Somewhere in Thailand, a lone Canadian cheers . . .
I got a couple links to this last week, and since I am such a fan, figured I'd report on the this little fiasco:
Creed sued for crappy performance (from Rolling Stone, thanks Michal).
A more behind the scenes look at same, from the Smoking Gun (thanks Beth).
Tough luck, cowboy.
(YOU ARE NOT A COWBOY!)
(But you are probably A BETTER COWBOY THAN YOU ARE A MUSICIAN!)
(Though cowboys can get drunk and still do their job.)
In the interests of having news in all categories, I thought I might mention that I finally got around to giving Pearl Jam's Riot Act a good listen, and it's been getting a lot of time in my car. It's got that whimisical thing going for it that we've come to expect from them in the last several years, but they also still rock out . . .
Saturday night in Edmonton saw our little crew at Side Track, a bar a block from Tim's place. I was a bit uncertain what kind of place it was, as there were some cowboy hats present but it didn't feel like a full-on country bar. Also, there was a signup sheet at the door for a/the wet t-shirt contest (whose entrants amounted to a couple girls and a guy).
The opening band did not play the kind of music I'm used to hearing anywhere. Ben called the type of music "cow punk", which seems pretty fitting. The lead singer had one of those big country guitars and a cowboy hat, but his band mates had backwards baseball caps. The music was kind of like that, with a country feel over a nouveau punk sound. Interesting. Oh, and they covered Motorhead's Ace of Spades, which was cool.

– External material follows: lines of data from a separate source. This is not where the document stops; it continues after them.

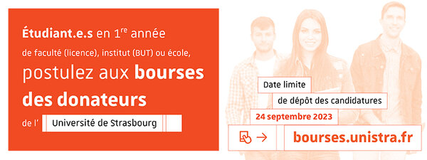 Cher.e.s étudiant.e.s de l'IUT, postulez aux bourses des donateurs de l’Université de Strasbourg ! L'Université de Strasbourg propose à ses étudiants des bourses pouvant atteindre 27 000 € sur 3 ans
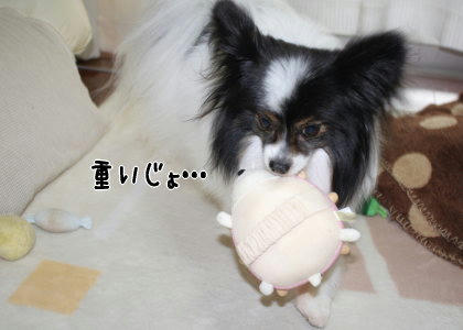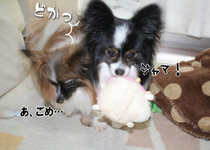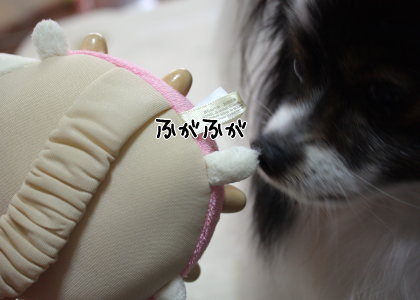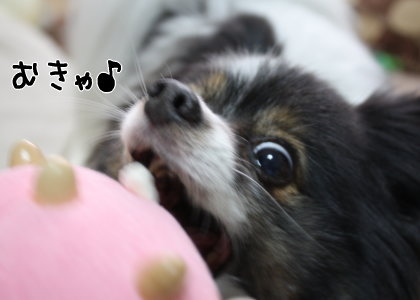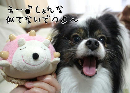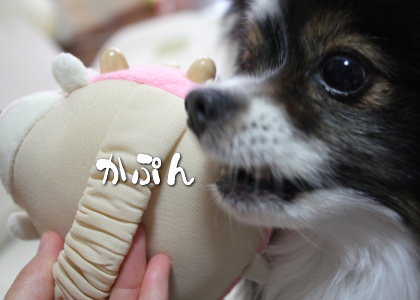 丸い顔も似てますよね(゜m゜*)ぷっ 他のおもちゃよりコレに夢中になるとは予想外でした(笑)でもいつも気に入って遊ぶあめちゃんみたいに、手軽に遊べない感じなので早々に放置されてましたよ(^w^) チャポ丸くんも一人で上手に遊べる子なんですね♪スマイルエッグ、そうなんですよ~ニオイでわかっちゃうみたいで、高いところに避難させているのもバレバレでした。開封後はニオイが薄くなったのかあまり見向きもしなくなりましたが、あらしが遊ぼうとするとやっぱり気になるようで(オレのもの!って気持ちが働くのか?)横取りに走っています( ̄∀ ̄*) 長いこと風吹がおもちゃに夢中で遊ぶ様子を見ていなかったので嬉しかったです~♪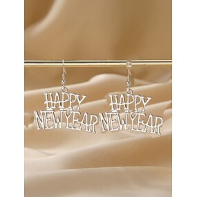 Elegantes pendientes de aleación para mujer con letras de Feliz Año Nuevo: perfectos para fiestas de Nochevieja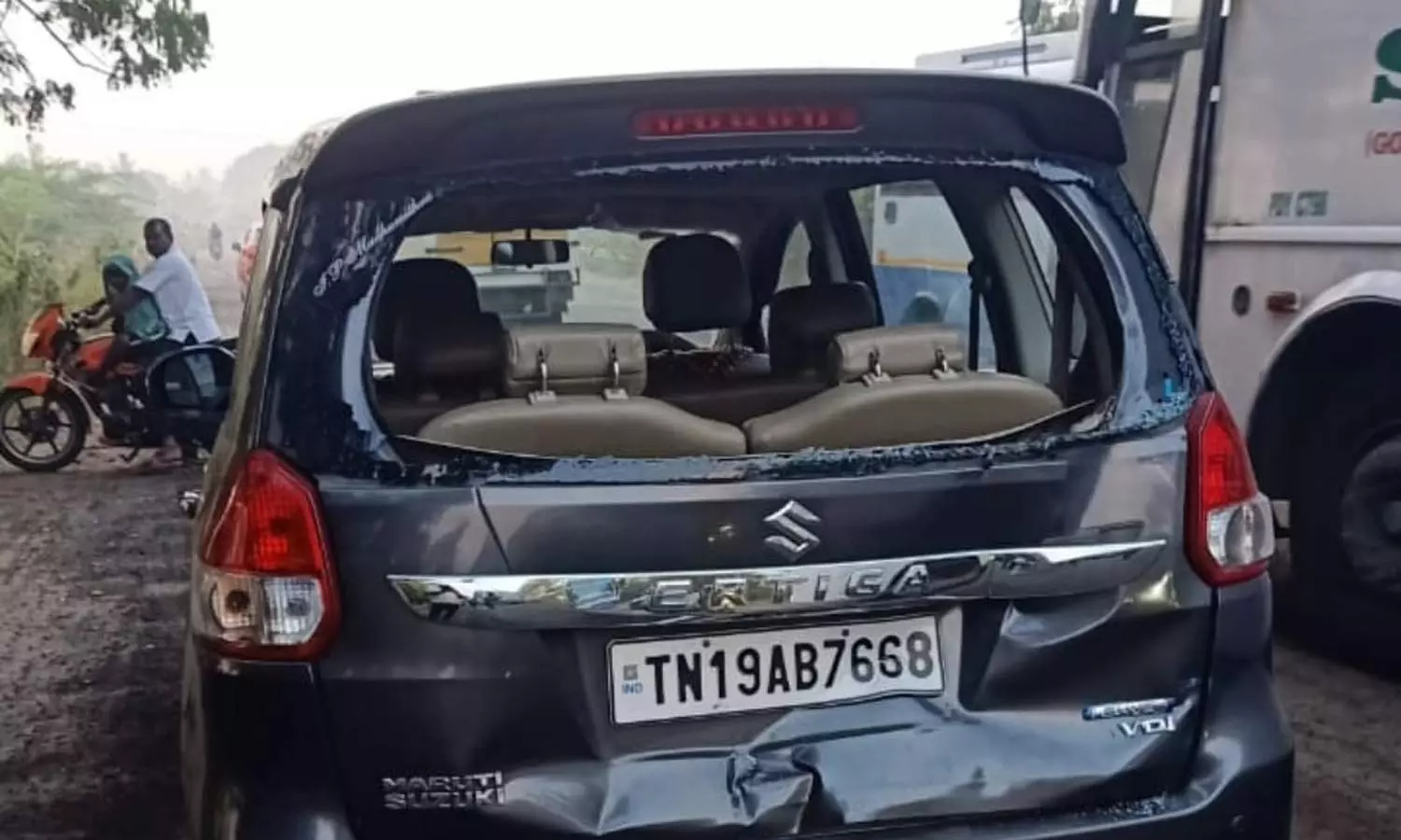 இ.சி.ஆரில் கார் மீது அரசு பேருந்து மோதல் - அதிர்ஷ்டவசமாக 3 பேர் உயிர் தப்பினர்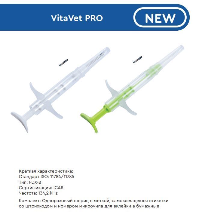 Микрочип для домашних и сельскохозяйственных животных VitaVet PRO используется для электронной идентификации животных. Подкожный микрочип состоит из приемника, передатчика и блока памяти для хранения кода.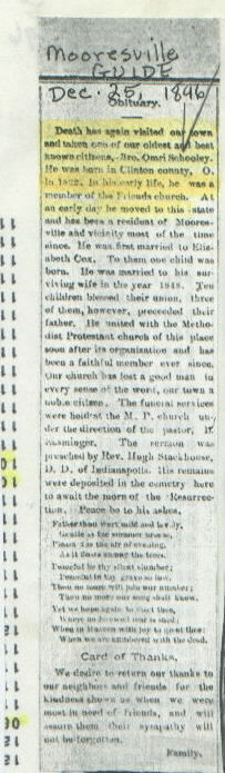 Other Age 74. Funeral at MP Church. Buried Mooresville Cemetery. "Fell from a load of fodder on Monday, and died on Tuesday. Would have been 74 years old on Thursday of this week." [Dates given above are those on tombstone.] Born a Quaker. Moved to Mooresville early in life. "Died of Injuries -- Monday, Omri Schooley and Charles Daniel were descending Bray Hill, just East (West) of Mooresville, when the load shifted, and Omri Schooley was seriously injured and later died." -- Martinsville Republican, Dec. 17, 1896 "Born in Clinton County, Ohio and moved to the Mooresville area. He married 1st to Elizabeth Cox and they had 1 child. In 1848, he married his surviving wife, and they had 10 children, with 7 surviving." -- Mooresville Guide, Dec. 25, 1896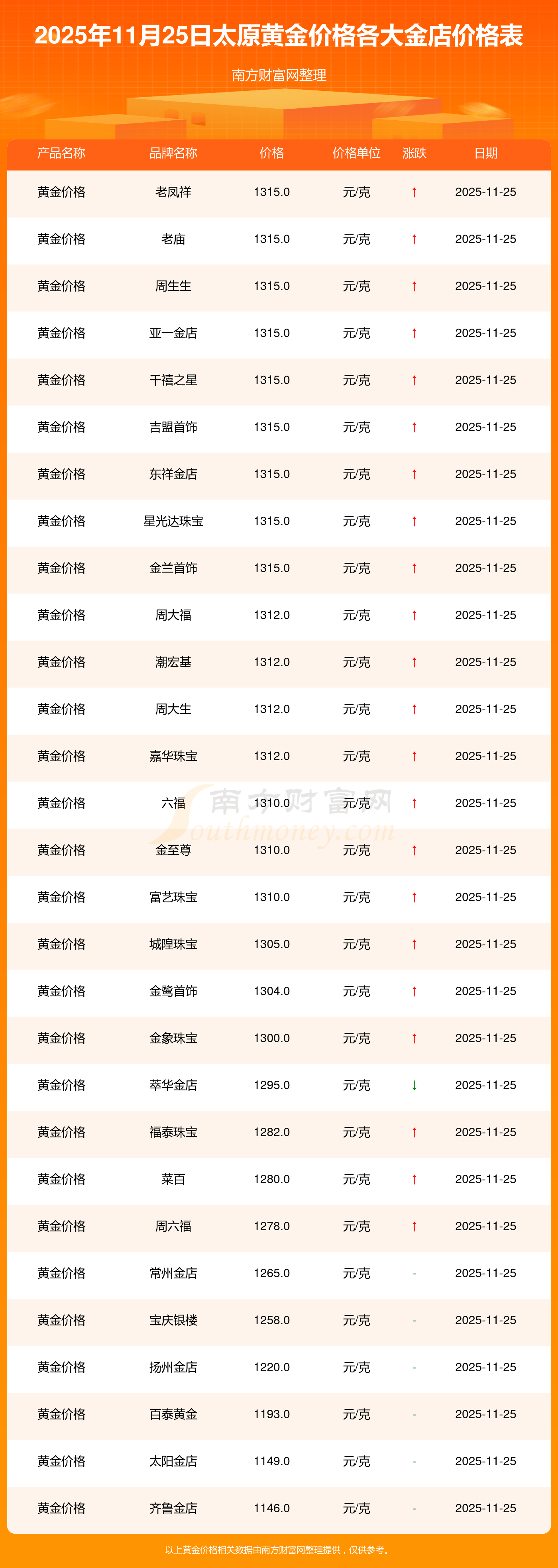2025年11月25日太原周大福、周大福、周大福、周大福、周大福、周大福、周大福、老鳳祥、老鳳祥、老鳳祥、周六福等各大金店品牌黃金價格最新價格行情來了,如下:周大福黃金價格1312.0元/克,周大福鉑金價格627.0元/克,周大福飾品金價(內(nèi)地)1312.0元/克,周大福黃金飾品(香港)45780.0,周大福鉑金價格(香港)17900.0,周大福金條價格(香港)41290.0,周大福金條金價(內(nèi)地)1148.0元/克,老鳳祥黃金價格1315.0元/克,老鳳祥鉑金價格600.0元/克,老鳳祥足金價格1315.0元/克,周六福黃金價格1278.0元/克。

The headline act for the evening: White Cowbell Oklahoma. Their genre of music was much more country than the opening band, but still . . . edgy. The exploits of White Cowbell Oklahoma are well-known in Toronto, or so we were told in some promotional material. At the beginning of the show, there were about 9 people on stage (just a regular bar stage, with room to comfortably accomodate a band of five with guitars and drums and such). Some played guitar, others sang, they had a drummer, one guy hit either a cow bell or wood block. Then after a few songs they were joined by people I had originally placed as being part of the entourage, so there were a good 15 people on stage. The second wave consisted mostly of dancers, and they would go out into the crowd and try to get people pumped up. The crowd was quite into it. I couldn't figure out how much I liked them, but they had great energy and if I weren't rolling around in a steak-induced blur I might have gotten more into it.

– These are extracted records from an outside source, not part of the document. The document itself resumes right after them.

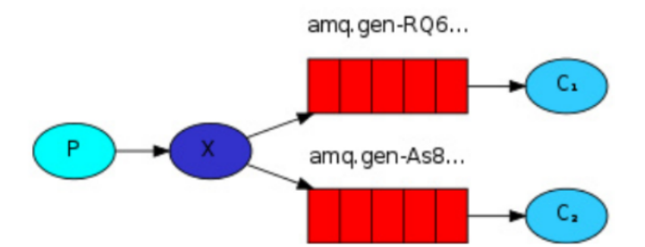 5、生产者发送的消息,经过交换机,到达队列,实现,一个消息被多个消费者获取的目的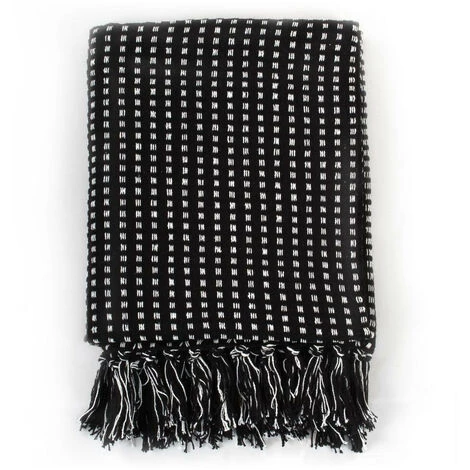 LES TENDANCES Couverture Coton à Carrés 220 X 250 Cm Noir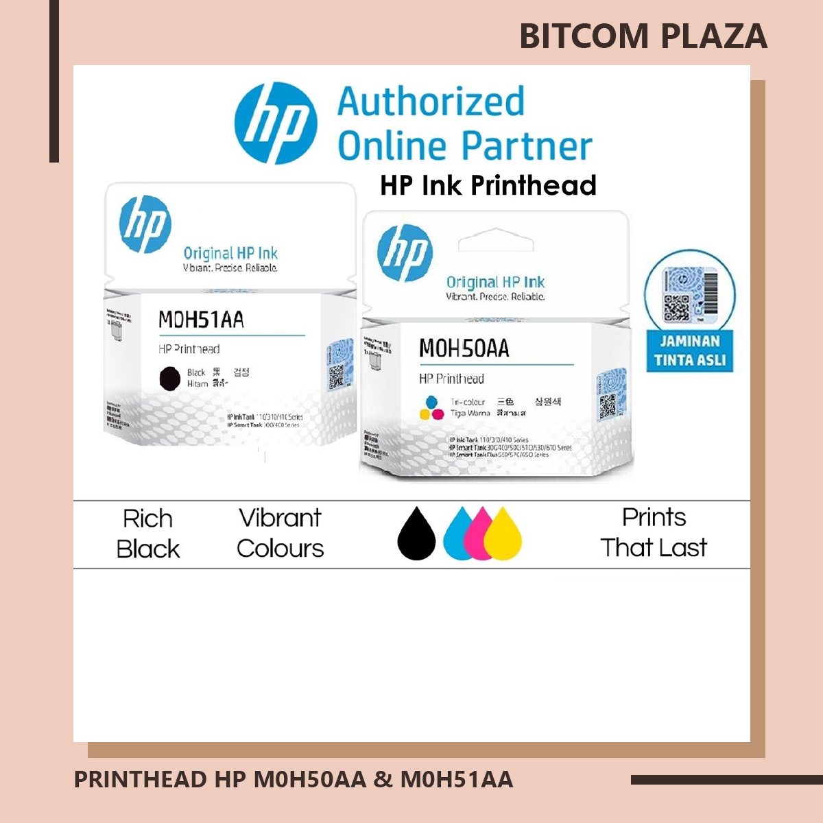 Print Head Cartridge HP GT5810 GT5820 M0H50A Black + Color New Original, Printhead HP Deskjet GT-5810 GT-5820 – HP Ink Tank 315 415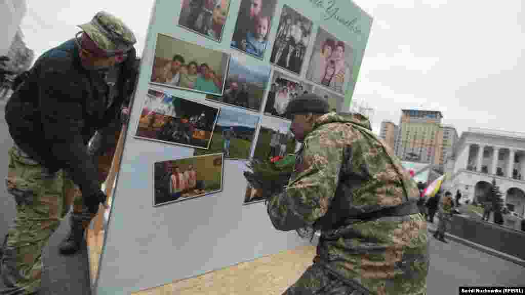 Активісти перекрили дорогу фотощитами із виставки сімейних альбомів героїв Небесної сотні. Пізніше поліція сама перекрила рух від вулиці Богдана Хмельницького до майдану Незалежності. (Фото: Сергій Нужненко)

The Stonemason boys opened for a cd release party tonight for local band Slabdrab. As it turns out, this is Slabdrab's third such recording. I'd heard of them and a couple of their songs, but never seen them live before.
The venue: a small blues bar about six blocks from where I live. The kind of place with high tables and stools where you throw peanut shells on the floor. The mullet rate was about 2% (unless you are just counting men, in which case it would be about 4%). They usually have blues bands, but last night's show was straight-up rock.
Stonemason had a decent set. I was in a much better state (read: more sober) than last weekend, so I got more of a chance to enjoy the music this time.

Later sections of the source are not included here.